Featured image for: SCTP over UDP in the Linux kernel.

Measuring stuff is harder than you may think. Even in math, there is such a thing as non-measurable sets and Banach-Tarski paradox, which shows that a three-dimensional ball of radius 1 can be dissected into 5 parts, which can be magically reassembled to form two balls of radius 1. Now imagine what kind of mess we've got in software engineering.

This may sound somewhat philosophical, so let's get down to earth and talk about BPF programs. BPF, which originally stood for Berkeley Packet Filter, is a general-purpose execution engine that can be used for a variety of purposes, including networking, observability, and security. What we'll be discussing in this article was initially called extended BPF (eBPF) to differentiate from the classic BPF, but now this technology is often referred to as just BPF, and that's what we'll call it here.

Having full visibility throughout the systems we build is a well established best practice. Usually, one knows which metrics to collect, and how and what to profile or instrument to understand why the system exhibits certain levels of performance. But all of this becomes more challenging as soon as the BPF layer is included. Despite years of development, it is still a black box in many ways.

But do not despair: this article will show, with some amount of creativity, that one can reveal what is going on under the hood. The article will begin with a userspace service that uses BPF programs attached to various syscalls to inspect system activity. It does the job, but what we really want is to understand the overhead of the BPF programs themselves. How do you look inside? That's the problem that we will ultimately tackle.

Anatomy of a system call

There is a tradition of capturing explanations of system calls (syscalls) under the title "anatomy of a system call," which we diligently follow. Since we acquire most of the information from syscalls, the first step is understanding how they work.

Each architecture application binary interface (ABI) has requirements influencing how system calls work. Let’s limit our discussion to x86_64. The standard ABI for how x86_64 is to put the system call number into the RAX register and the other parameters into specific registers, then issue the SYSCALL instruction, goes something like this:

SYSCALL invokes an OS system call handler at privilege level 0. It does so by loading RIP from the IA32_LSTAR MSR after saving the address of the instruction following syscall into RCX. The WRMSR instruction ensures that the IA32_LSTAR MSR always contains a canonical address.

At system startup, the kernel provides a custom entry_SYSCALL_64 function for handling syscalls and writes the address of this handler function to the MSR_LSTAR register. The final step is to call the function pointer from the system call table using the number stored in RAX.

Now, there could be a set of hooks specified, to be invoked before the execution of the actual syscall. It could be a custom probe registered for the corresponding static tracepoint or dynamic kprobe. We need to use them to instrument our application. Here is where things get tricky.

Who traces the tracer?

The main problem with measuring performance is measuring the right thing. In the case of measuring the performance of a program responsible for tracing another, this can be quite challenging. Consider sys_enter and sys_exit tracepoints that fire before or after a syscall is executed. We have BPF programs performing some activity when triggering those tracepoints. The exercise is to measure time spent in those programs.

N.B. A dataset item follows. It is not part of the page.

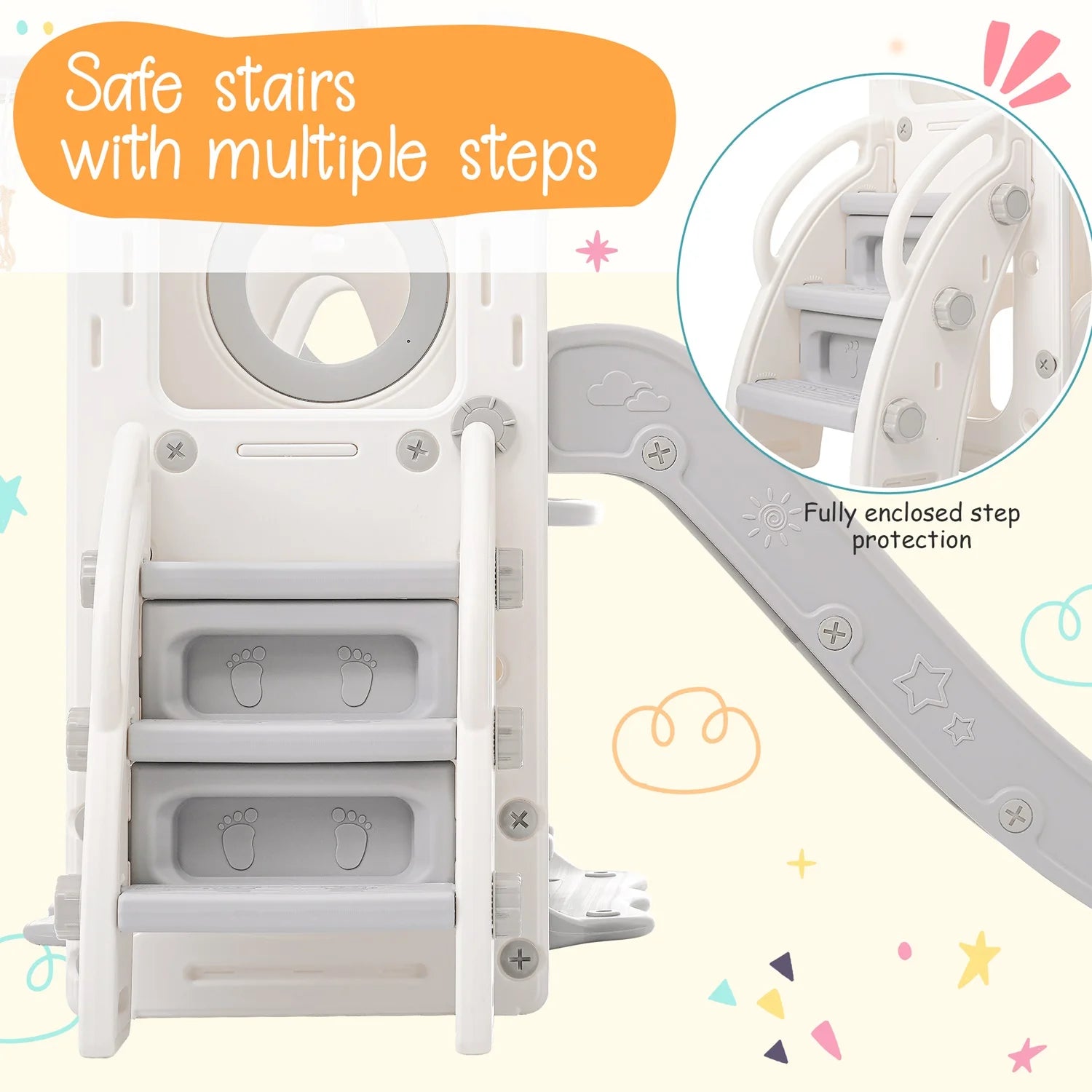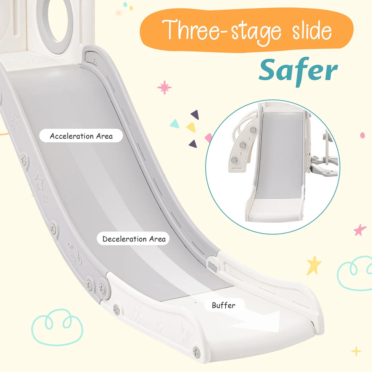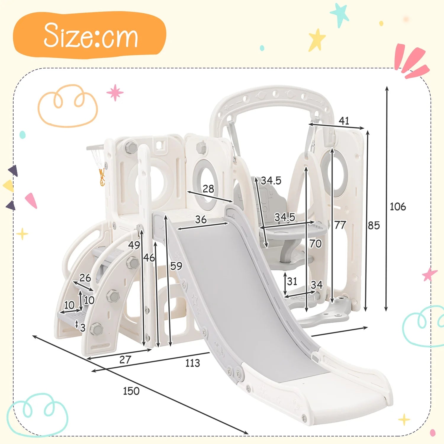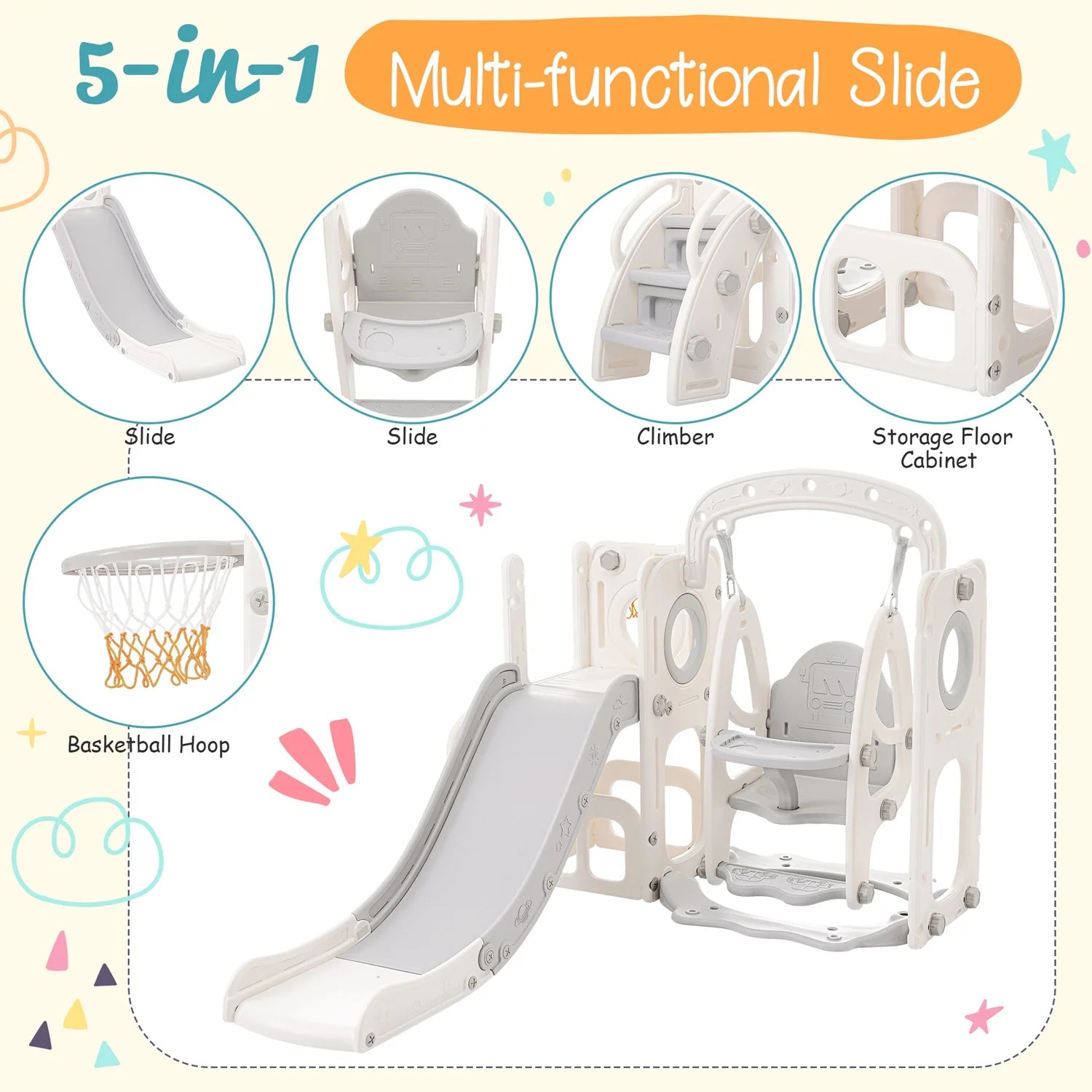 Το Παιδικό Σύστημα Τσουλήθρας, Κούνιας, Στεφανιού Μπάσκετ 5 σε 1 για εξωτερικούς χώρους είναι ένα ευέλικτο, εξοικονομούν χώρο σύστημα παιχνιδιού σχεδιασμένο να πυροδοτεί τη φαντασία και τη δραστήρια διασκέδαση για το παιδί σας. Αυτή η ολοκληρωμένη μονάδα συνδυάζει τσουλήθρα, κούνια, στεφάνι μπάσκετ, σκάλα για εύκολη αναρρίχηση και βάση ντουλαπιού για τακτοποίηση παιχνιδιών — προσφέροντας στα παιδιά μια πολυαισθητηριακή εμπειρία παιδικής χαράς σε ένα συμπαγές πλαίσιο. Κατασκευασμένο από ανθεκτικό HDPE με κομψό γκρι και λευκό φινίρισμα, αυτό το σετ 5-σε-1 είναι φτιαγμένο να αντέχει στο ενεργητικό παιχνίδι ενώ παραμένει απαλό για τα μικρά χέρια και γόνατα.

There is some machinery in the kernel itself to collect statistics about BPF program runtime that give us cumulative time and number of runs for a particular program:


$ sysctl -w kernel.bpf_stats_enabled=1
$ bpftool prog
[...] 379: raw_tracepoint [...] run_time_ns 35875602162 run_cnt 160512637

Such aggregated numbers are good for sanity checks; but usually, they are not enough.

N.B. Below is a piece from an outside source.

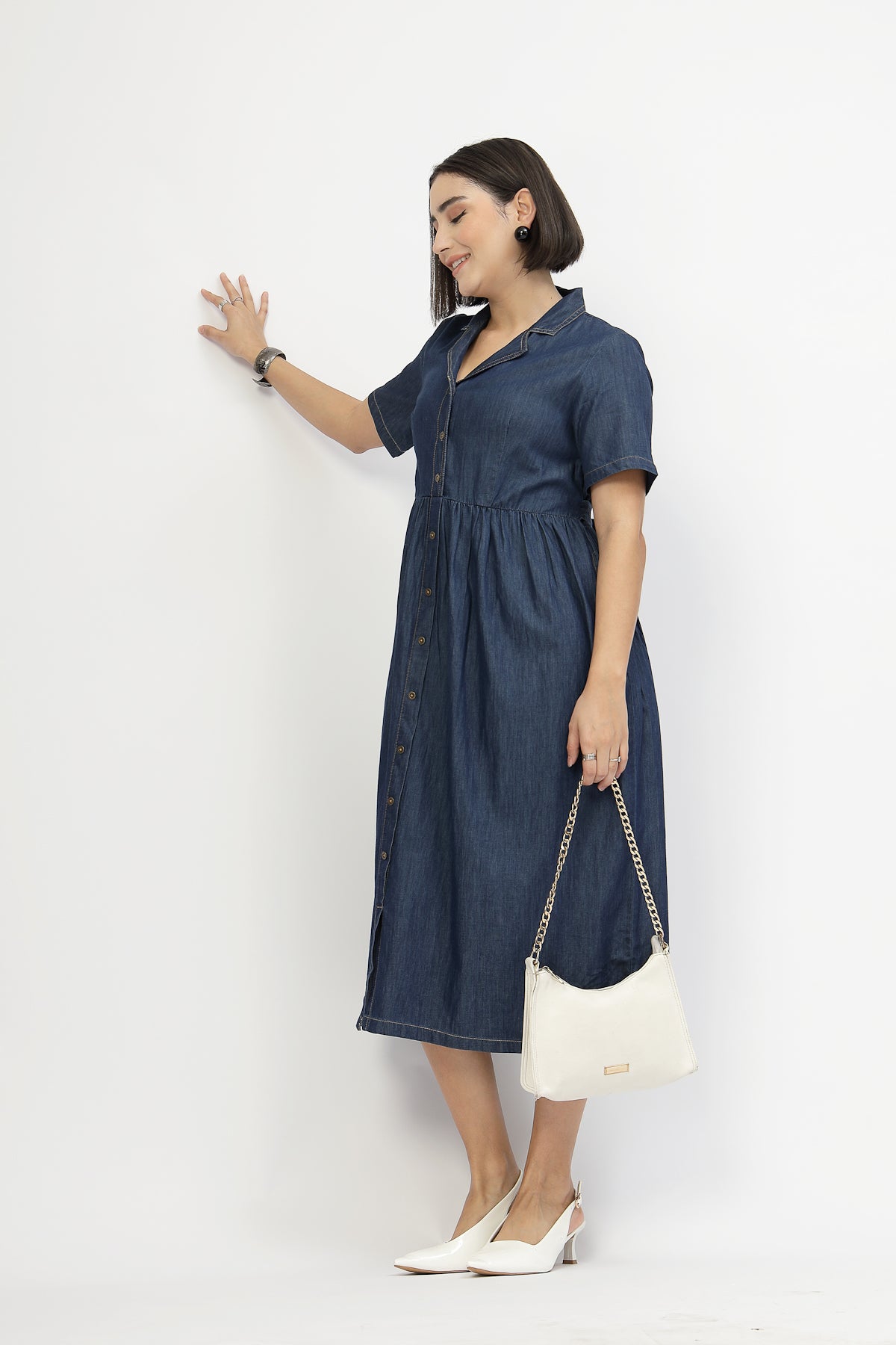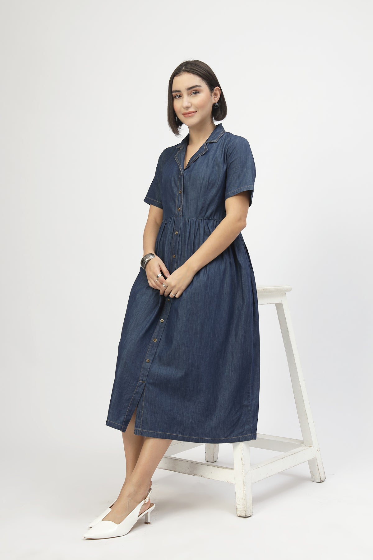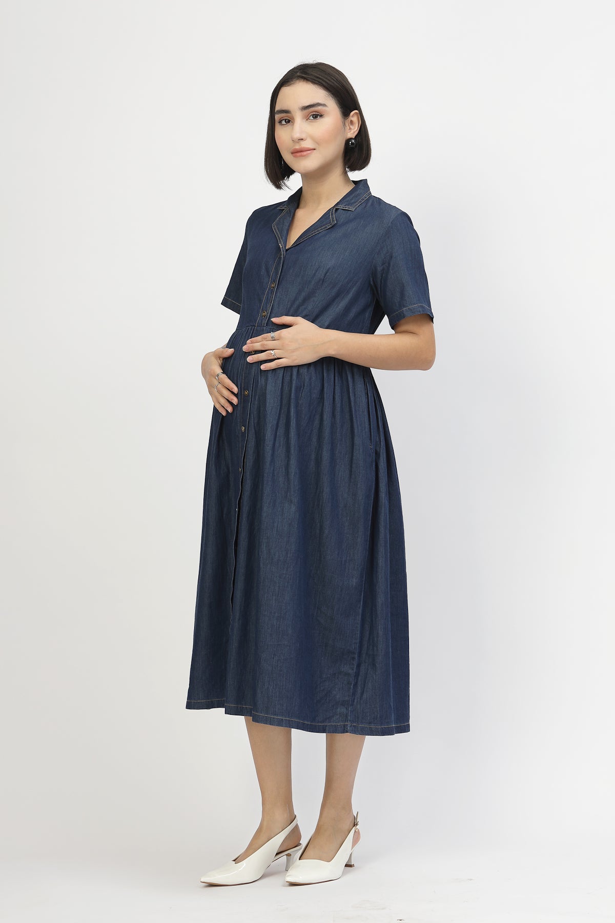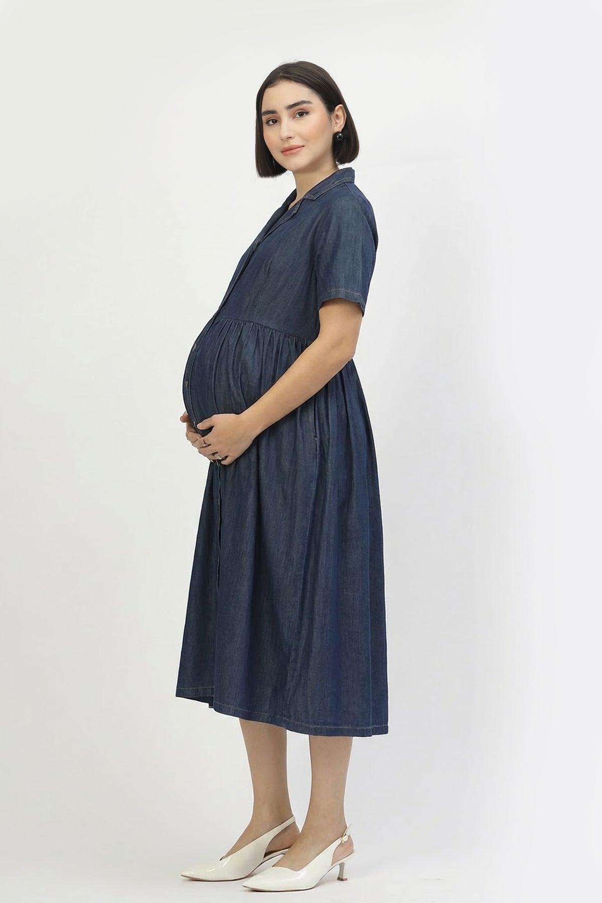 The Zelena Denim Zipless Feeding Lapel Dress in Denim Blue is a casual essential designed for pregnancy and postpartum ease. Crafted from 100% cotton, this knee-length dress blends breathable comfort with a structured denim-inspired look. Featuring a button opening for feeding access and practical pockets, it delivers effortless style with everyday functionality.

Another naive approach is to follow the same strategy as instrumenting normal userspace applications. Trace the same points, looking at any difference in performance (i.e., overall syscall latency) between the tracing program running and not running. All things considered, this approach could work, but only if you can guarantee that the performance-measuring probe is executed at the right time: before the start of the tracing program, and after it finishes (see Figure 1).

Figure 1: Two BPF programs are attached to the sys_enter/sys_exit tracing points of the syscall.

But alas, this will never happen because BPF programs are designed to be independent. So it barely makes sense to talk about their ordering.

Given the difficulty of getting the execution timing right, can we measure from a different point? Our first thought was to measure inside the probes themselves instead. That way, we could ignore all the cruft of the kernel running the syscall and focus on our execution. If we can measure that correctly, then that should give us the overhead. Simple, right? In theory, yes. But in practice, it was a bit more complicated.

The main difficulty was getting the information out of the BPF probe or the kernel module. Initially, we tried a quick and dirty approach of writing a message to the trace pipe and then consuming and processing those events to get the data.


 //somewhere inside your BPF prog
bpf_trace_printk("Start timestamp: %lld", ts);


$ cat /sys/kernel/debug/tracing/trace_pipe
$ bpftool prog tracelog

This gave us promising initial results. However, it was not practical because it introduced significant measurement overhead.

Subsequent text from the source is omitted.